RNA-seq data analyss with different approachs.
RNA-Seq (RNA sequencing ) also called whole transcriptome sequncing use next-generation sequeincing (NGS) to reveal the presence and quantity of RNA in a biolgical sample at a given moment.
In this session we want to perform some differential expressin from two condition as example (Normal vs tumor RNA-seq). This data use for this tutorial are pubblicaly avaible.
Please dwnlad the material here: For count Pipeline TEST Please follow this command
cd ~/Desktop/
tar xvf TUTORIAL_RNA_snakemake.tar.gz
cd TUTORIAL
conda env create -f snakemake_differential.yml
Please launch the analysis:
snakemake -s Snakefile.Kallisto --configfile database3.yml --use-conda
Please Conect and see this tutorial on live sleuth
[youtube](https://www.youtube.com/watch?v=KEn0CMYk6Wo)
In the previous example we use the new way to do RNA-seq analisys using pseudoma p approach. This method are recently reported (Kallisto and Salmon). Another way to do this type analisys was performed using counts. Normally you can allign with programs like STAR and count gene and isoforms using HTseq-count or feature-count. Here we are some examples of working on R oon Counts.
conda create -n DESEQ
source activate DESEQ
conda install -y r-mixomics bioconductor-htsfilter bioconductor-deseq2
R
library(DESeq2)
library(RColorBrewer)
library(mixOmics)
library(HTSFilter)
directory <- "RNAseq_data/count_table_files/"
dir(directory)
*Exercise 3.1* Read the files:
rawCountTable <- read.table(paste0(directory,"count_table.tsv"), header=TRUE,
row.names=1)
sampleInfo <- read.table(paste0(directory,"pasilla_design.txt"), header=TRUE,
row.names=1)
*Exercise 3.2* Have a look at the count data:
head(rawCountTable)
nrow(rawCountTable)
*Exercise 3.3* Have a look at the sample information and order the count table
in the same way that the sample information:
sampleInfo
rawCountTable <- rawCountTable[,match(rownames(sampleInfo),
colnames(rawCountTable))]
head(rawCountTable)
*Exercise 3.4* Create the 'condition' column
sampleInfo$condition <- substr(rownames(sampleInfo), 1,
nchar(rownames(sampleInfo))-1)
sampleInfo$condition[sampleInfo$condition=="untreated"] <- "control"
sampleInfo$condition <- factor(sampleInfo$condition)
sampleInfo
*Exercise 3.5* Create a 'DESeqDataSet' object
ddsFull <- DESeqDataSetFromMatrix(as.matrix(rawCountTable), sampleInfo,
formula(~condition))
ddsFull
# 3.2. Starting from separate files
*Exercise 3.6* List all files in directory
directory <- "RNAseq_data/separate_files/"
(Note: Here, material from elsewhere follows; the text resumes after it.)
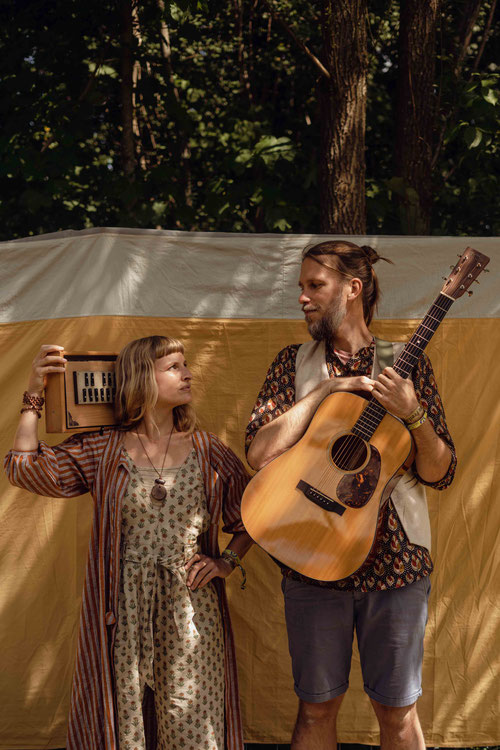 Kaŝita Kanto sind ein deutschsprachiges Singer-Songwriter-Duo, das seit der Pandemie auch in Indien zu Hause ist. Auf ihrer Tour

sampleFiles <- list.files(directory)
sampleFiles
*Exercise 3.7* Create an object with file informations
keptFiles <- sampleFiles[-1]
sampleName <- sapply(keptFiles, function(afile)
substr(afile, 1, nchar(afile)-6))
condition<- sapply(keptFiles, function(afile)
substr(afile, 1, nchar(afile)-7))
fileInfo <- data.frame(sampleName = sampleName, sampleFiles = keptFiles,
condition = condition)
rownames(fileInfo) <- NULL
fileInfo
*Exercise 3.8* Construct a 'DESeqDataSet' object
ddsHTSeq <- DESeqDataSetFromHTSeqCount(fileInfo, directory, formula(~condition))
ddsHTSeq
# 3.3. Preparing the data object for the analysis of interest
*Exercise 3.9* Select the subset of paire-end samples
dds <- subset(ddsFull, select=colData(ddsFull)$type=="paired-end")
dds
colData(dds)
# 3.4 Data exploration and quality assessment
*Exercise 3.10* Extract pseudo-counts (*ie* $\log_2(K+1)$)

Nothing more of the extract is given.